Thailand’s PM Says Needs More Time in Office to Prepare for Elections
Thailand’s Prime Minister Prayuth Chan-ocha sits in his car after arriving at Air Force Station Palam in New Delhi -Photo Adnan Abidi

BANGKOK – Thai Junta Prime Minister Prayuth Chan-ocha on Tuesday said he needed a little more time in office to prepare the country for a general election, just days after his deputy said a vote planned for this year could be delayed.

Prayuth, installed himself as prime minister in August 2014 after leading a coup that ousted a civilian government, has delayed the date of a general election several times. Most recently, he said an election would take place in November 2018.

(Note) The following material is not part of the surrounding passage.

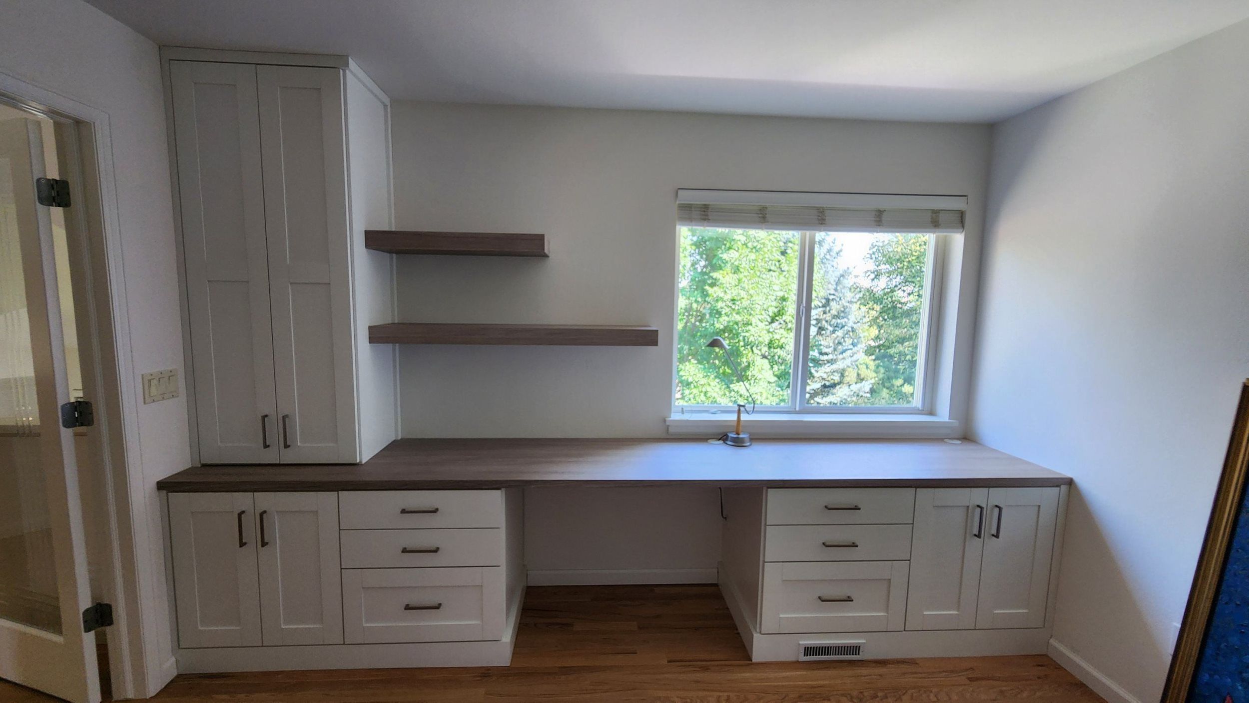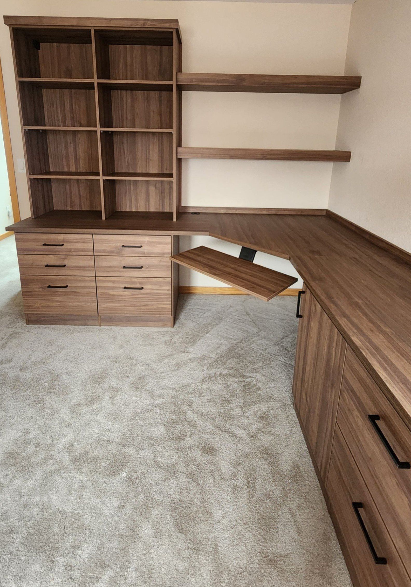 Unlike big box or off-the-shelf office furniture, custom-built pieces integrate effortlessly into your home, creating a streamlined, high-end aesthetic. From elegant wood finishes to modern minimalist designs, our custom desks, countertops, and shelving units enhance both functionality and style, making your workspace feel intentional and refined.

But last week Thailand’s parliamentary body voted to postpone enforcement of a new election law by 90 days, dragging out the time-frame. At the time, the deputy prime minister said parliament’s decision could delay the election until 2019.

“Please give me some time to lay the foundation for the country, that’s all,” Prayuth told reporters after a weekly cabinet meeting on Tuesday.

“The length of this time depends on the law,” he said, referring to last week’s parliamentary decision.

He did not give further details. Prayuth is under pressure at home and abroad to return to civilian governance.

Rangsiman Rome (C) speaks during a protest against junta delaying polls in Bangkok, Thailand January 27, 2018. – Photo Athit Perawongmetha

On Saturday, activists demanding an election this year gathered at a pedestrian bridge in central Bangkok, in a rare show of dissent.

Government critics say the junta is deliberately delaying the vote in order to tighten its grip on power by ensuring that its allies win the vote.

Some critics say Prayuth would like to stay in power after a general election. Thailand’s new constitution, which took effect last year, allows for an appointed prime minister.

Others have warned the junta needs to return Thailand to civilian rule within its promised timeframe, or risk fanning flames of discontent.

Prayuth addressed questions about waning public support.

“This is normal. Any government in their third year all encounter this,” he said on Tuesday.